Prof Randi Garcia

March 28, 2018

- When we make a scatterplot of observations between two treatments within-blocks, what are we hoping to see? Can you explain why (OK if you cannot)?
- When you plot the fitted values versus residual values after running a model, what are the issues you should look out for?
- What sorts are things are confusing/fuzzy from Ch 7?

- Jenny Smetzer, Lab Instructor candidate, talk/demo today 12:00-1:00p in Bass 002
- Pizza will be served!

- HW 7 is posted
- You can complete your homework in R if you'd like

- Project Method draft due on Monday at Midnight on Moodle

- Fred Conrad, Research Professor and Director, Michigan Program in Survey Methodology
- ANOVA for CB[1]
- Latin square designs
- Split plot designs

Modern zoos try to reproduce natural habitats in their exhibits as much as possible. They try to use appropriate plants, but these plants can be infested with inappropriate insects. Cycads (plants that look vaguely like palms) can be infected with mealybugs, and the zoo wishes to test three treatments: 1) water, 2) horticultural oil, and 3) fungal spores in water. Five infested cycads are taken to the testing area. Three branches are randomly selected from each tree, and 3 cm by 3 cm patches are marked on each branch. The number of mealybugs on the patch is counted. The three treatments then get randomly assigned to the three branches for each tree. After three days the mealybugs are counted again. The change in number of mealybugs is computed (\( before-after \)).

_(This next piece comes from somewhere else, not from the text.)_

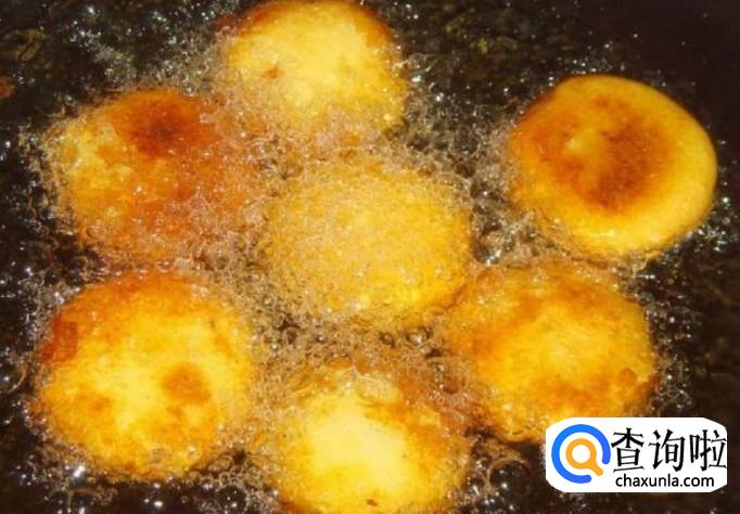 锅中热油,差不多六、七成热时,将其下入油锅炸,看到外表金黄时捞出,外酥里嫩的洋芋耙就做好了。

treatment | tree1 | tree2 | tree3 | tree4 | tree5 |
---|---|---|---|---|---|

oil | 4 | 29 | 14 | 14 | 7 |

spores | -4 | 29 | 4 | -2 | 11 |

water | -9 | 18 | 10 | 9 | -6 |

Draw the factor diagram, labeling inside outside factors.

\[ {y}_{ij}={\mu}+{\tau}_{i}+{\beta}_{j}+{e}_{ij} \]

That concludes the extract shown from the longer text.